### YOUR GOAL
The pictures in the data below are to be omitted; all else must be duplicated exactly.
Start of RECORDED INFORMATION
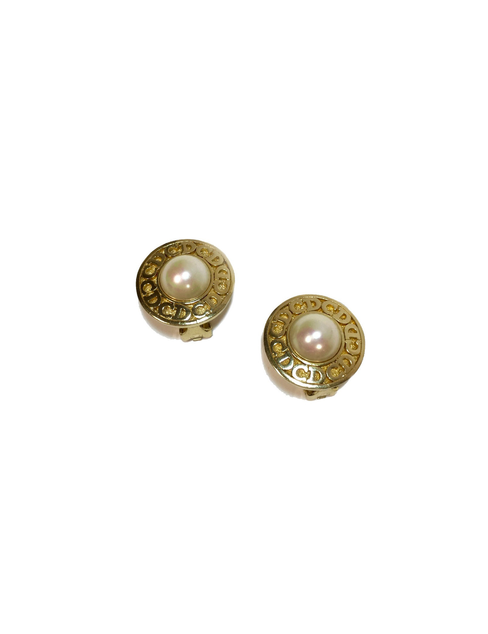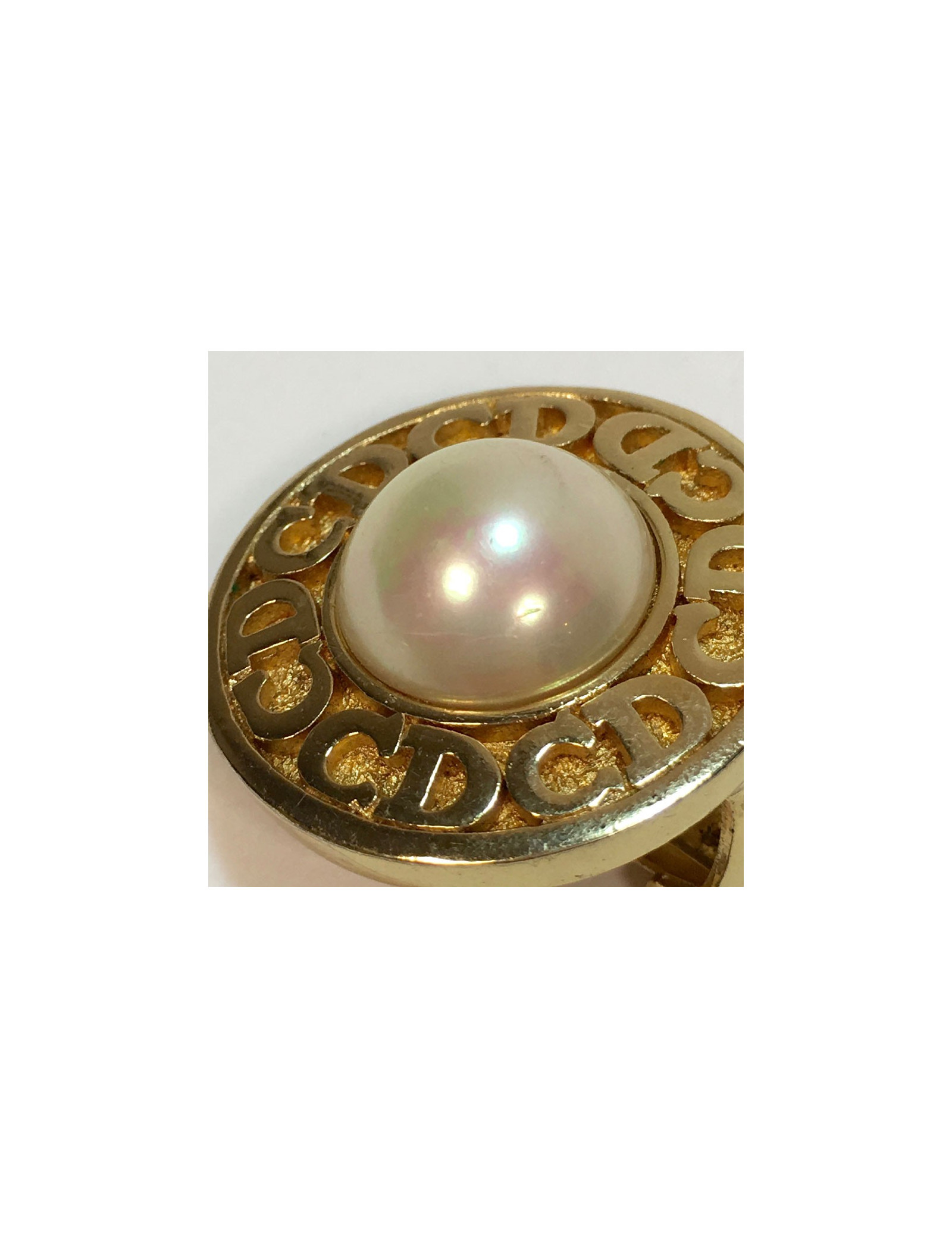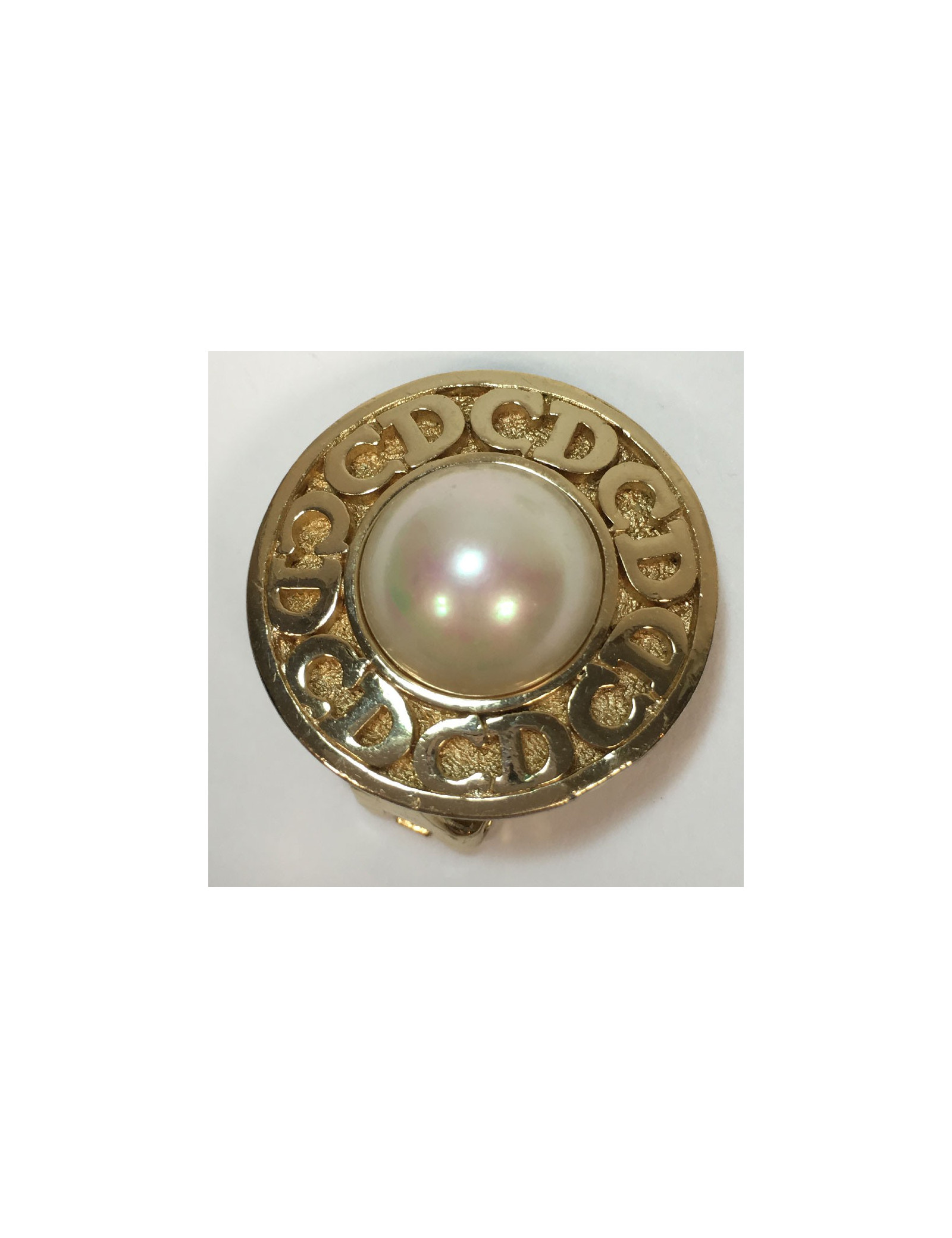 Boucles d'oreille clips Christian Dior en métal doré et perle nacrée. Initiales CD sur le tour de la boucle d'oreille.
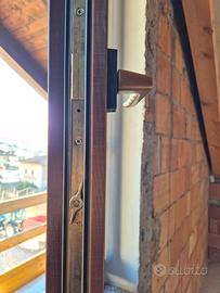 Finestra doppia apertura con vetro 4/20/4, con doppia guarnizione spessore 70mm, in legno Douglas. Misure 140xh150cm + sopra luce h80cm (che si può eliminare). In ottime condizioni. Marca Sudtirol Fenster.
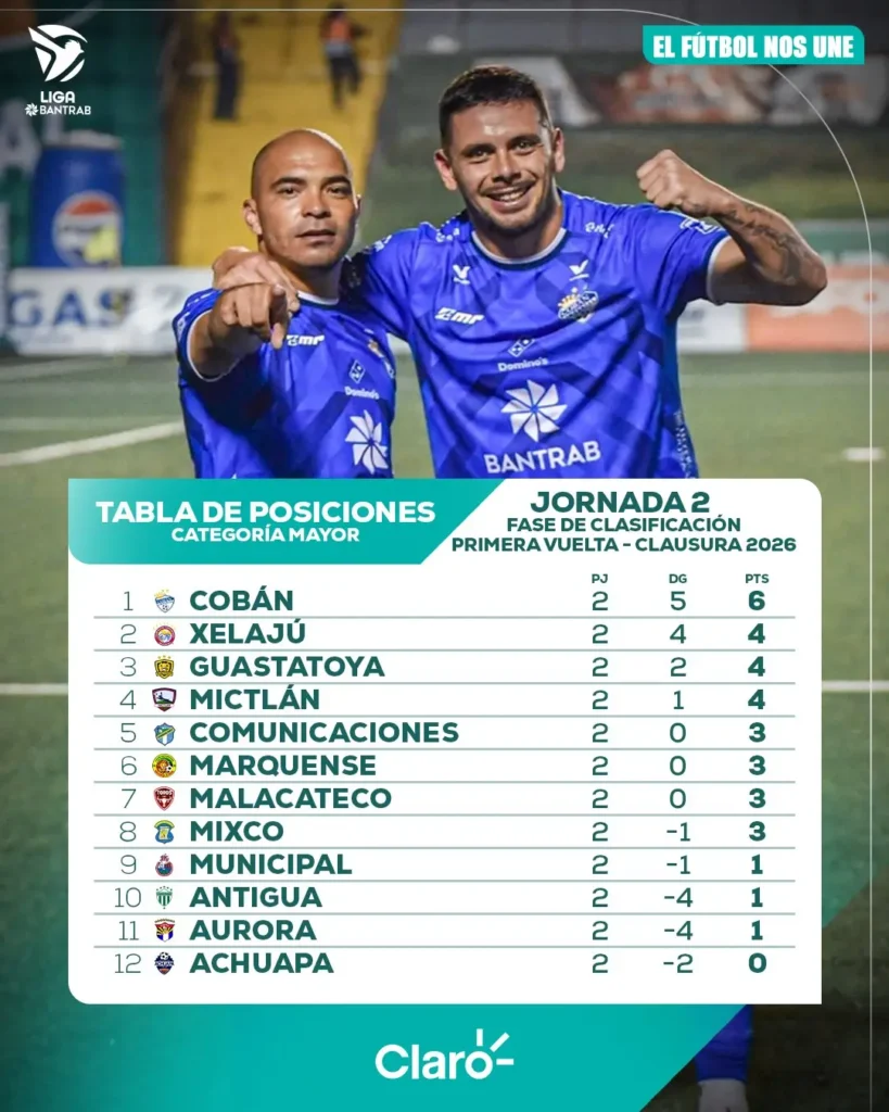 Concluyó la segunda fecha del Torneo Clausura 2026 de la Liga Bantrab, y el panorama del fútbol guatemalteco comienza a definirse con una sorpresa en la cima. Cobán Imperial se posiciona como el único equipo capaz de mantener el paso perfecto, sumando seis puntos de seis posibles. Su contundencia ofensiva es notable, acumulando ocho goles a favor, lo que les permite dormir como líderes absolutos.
End of RECORDED INFORMATION
### OUTPUT FOR THIS EXERCISE
 Boucles d'oreille clips Christian Dior en métal doré et perle nacrée. Initiales CD sur le tour de la boucle d'oreille.
 Finestra doppia apertura con vetro 4/20/4, con doppia guarnizione spessore 70mm, in legno Douglas. Misure 140xh150cm + sopra luce h80cm (che si può eliminare). In ottime condizioni. Marca Sudtirol Fenster.
 Concluyó la segunda fecha del Torneo Clausura 2026 de la Liga Bantrab, y el panorama del fútbol guatemalteco comienza a definirse con una sorpresa en la cima. Cobán Imperial se posiciona como el único equipo capaz de mantener el paso perfecto, sumando seis puntos de seis posibles. Su contundencia ofensiva es notable, acumulando ocho goles a favor, lo que les permite dormir como líderes absolutos.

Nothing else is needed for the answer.